Activity: Without including any pictures, give back all of the data exactly.

Data below:

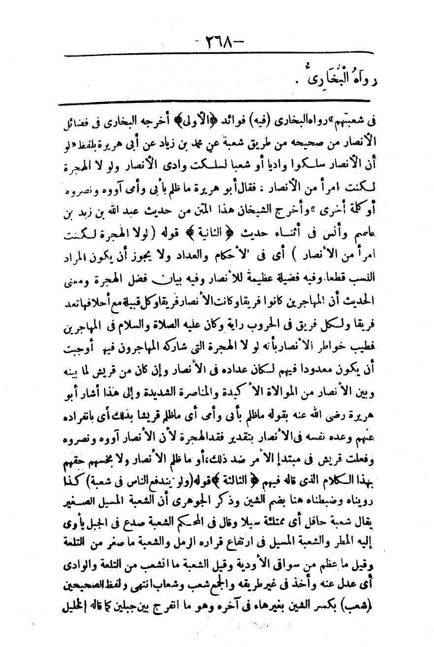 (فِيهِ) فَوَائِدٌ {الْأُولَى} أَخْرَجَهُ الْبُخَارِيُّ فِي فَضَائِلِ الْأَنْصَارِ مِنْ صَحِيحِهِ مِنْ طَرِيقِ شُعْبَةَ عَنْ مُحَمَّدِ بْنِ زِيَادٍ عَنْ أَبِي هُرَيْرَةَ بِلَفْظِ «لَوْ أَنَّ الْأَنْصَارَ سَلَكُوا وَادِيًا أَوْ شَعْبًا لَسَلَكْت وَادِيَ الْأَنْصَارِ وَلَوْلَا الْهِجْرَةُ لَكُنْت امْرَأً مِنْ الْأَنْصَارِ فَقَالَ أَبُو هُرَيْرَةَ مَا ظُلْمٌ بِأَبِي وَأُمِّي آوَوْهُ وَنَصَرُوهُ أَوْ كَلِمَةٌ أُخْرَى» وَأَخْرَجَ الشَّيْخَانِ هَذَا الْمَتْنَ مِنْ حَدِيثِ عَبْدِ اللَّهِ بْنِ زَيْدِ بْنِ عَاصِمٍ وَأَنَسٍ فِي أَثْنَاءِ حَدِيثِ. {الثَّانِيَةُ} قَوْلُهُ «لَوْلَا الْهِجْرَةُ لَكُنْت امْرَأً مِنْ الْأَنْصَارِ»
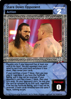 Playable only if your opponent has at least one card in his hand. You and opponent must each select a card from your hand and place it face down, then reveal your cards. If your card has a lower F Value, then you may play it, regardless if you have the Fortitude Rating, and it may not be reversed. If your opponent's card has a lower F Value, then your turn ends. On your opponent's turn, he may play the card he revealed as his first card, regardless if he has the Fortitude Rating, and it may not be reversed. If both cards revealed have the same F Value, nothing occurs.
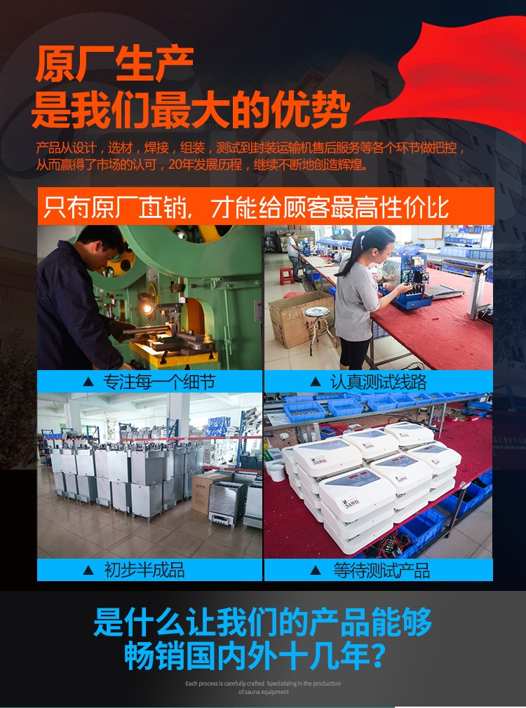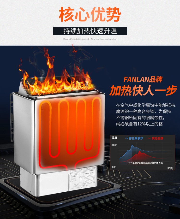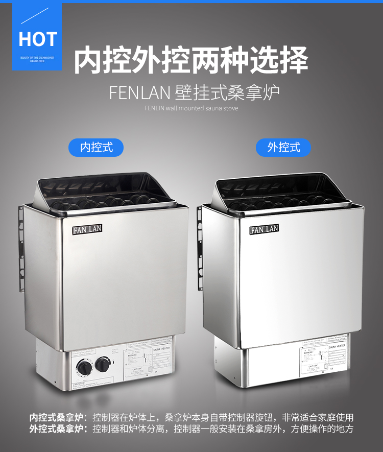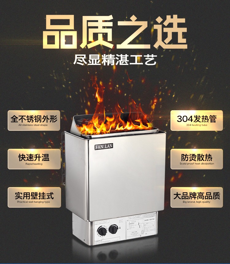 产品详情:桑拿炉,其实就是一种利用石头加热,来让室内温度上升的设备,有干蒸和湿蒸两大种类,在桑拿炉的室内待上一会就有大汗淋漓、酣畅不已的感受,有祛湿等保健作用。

Answer section:
 (فِيهِ) فَوَائِدٌ {الْأُولَى} أَخْرَجَهُ الْبُخَارِيُّ فِي فَضَائِلِ الْأَنْصَارِ مِنْ صَحِيحِهِ مِنْ طَرِيقِ شُعْبَةَ عَنْ مُحَمَّدِ بْنِ زِيَادٍ عَنْ أَبِي هُرَيْرَةَ بِلَفْظِ «لَوْ أَنَّ الْأَنْصَارَ سَلَكُوا وَادِيًا أَوْ شَعْبًا لَسَلَكْت وَادِيَ الْأَنْصَارِ وَلَوْلَا الْهِجْرَةُ لَكُنْت امْرَأً مِنْ الْأَنْصَارِ فَقَالَ أَبُو هُرَيْرَةَ مَا ظُلْمٌ بِأَبِي وَأُمِّي آوَوْهُ وَنَصَرُوهُ أَوْ كَلِمَةٌ أُخْرَى» وَأَخْرَجَ الشَّيْخَانِ هَذَا الْمَتْنَ مِنْ حَدِيثِ عَبْدِ اللَّهِ بْنِ زَيْدِ بْنِ عَاصِمٍ وَأَنَسٍ فِي أَثْنَاءِ حَدِيثِ. {الثَّانِيَةُ} قَوْلُهُ «لَوْلَا الْهِجْرَةُ لَكُنْت امْرَأً مِنْ الْأَنْصَارِ»
 Playable only if your opponent has at least one card in his hand. You and opponent must each select a card from your hand and place it face down, then reveal your cards. If your card has a lower F Value, then you may play it, regardless if you have the Fortitude Rating, and it may not be reversed. If your opponent's card has a lower F Value, then your turn ends. On your opponent's turn, he may play the card he revealed as his first card, regardless if he has the Fortitude Rating, and it may not be reversed. If both cards revealed have the same F Value, nothing occurs.
 产品详情:桑拿炉,其实就是一种利用石头加热,来让室内温度上升的设备,有干蒸和湿蒸两大种类,在桑拿炉的室内待上一会就有大汗淋漓、酣畅不已的感受,有祛湿等保健作用。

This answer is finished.